### EXERCISE DETAILS
Please return only the lines from the one with "Слайд 3Для изготовления" through the final line of the data, unchanged, with pictures omitted.

Start of COLLECTED DATA

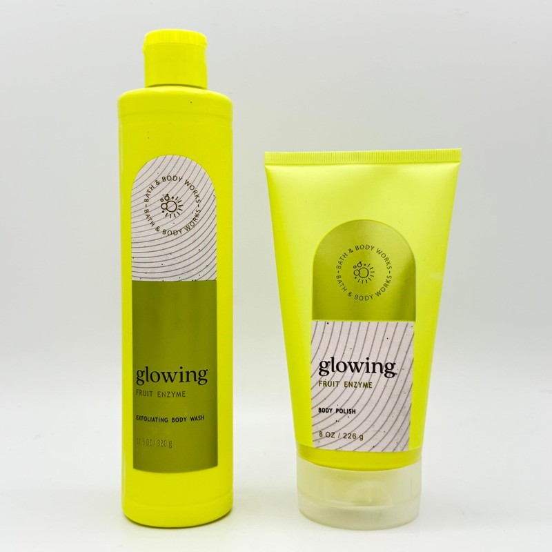 - Glowing Fruit Enzyme 2-Piece Bath & Body Bundle | Includes: 11.3oz Exfoliating Body Wash and 8oz Body Polish.
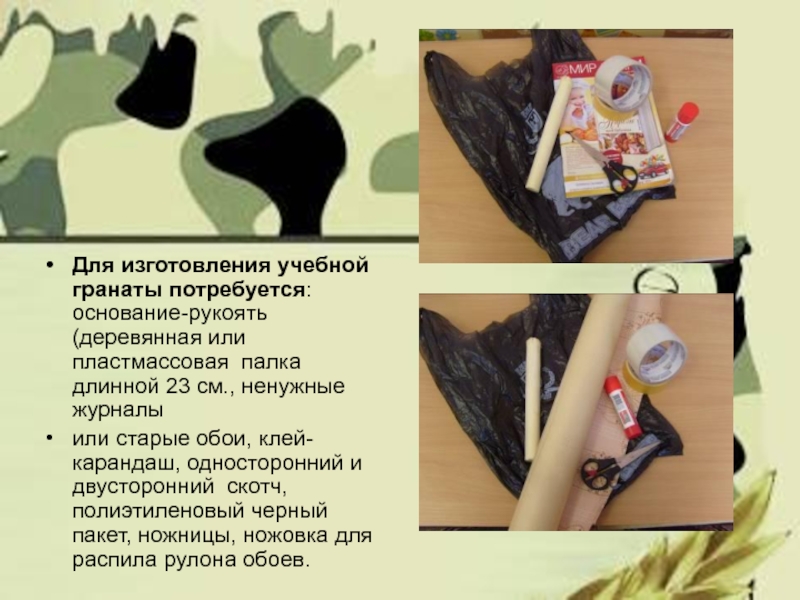 Слайд 3Для изготовления учебной гранаты потребуется: основание-рукоять (деревянная или пластмассовая палка длинной
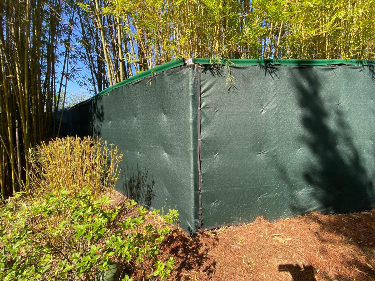 A peek over the fence reveals that most of the area has been cleared, with railings protecting cast members from the work site.

End of COLLECTED DATA

### EXERCISE ANSWER
 Слайд 3Для изготовления учебной гранаты потребуется: основание-рукоять (деревянная или пластмассовая палка длинной
 A peek over the fence reveals that most of the area has been cleared, with railings protecting cast members from the work site.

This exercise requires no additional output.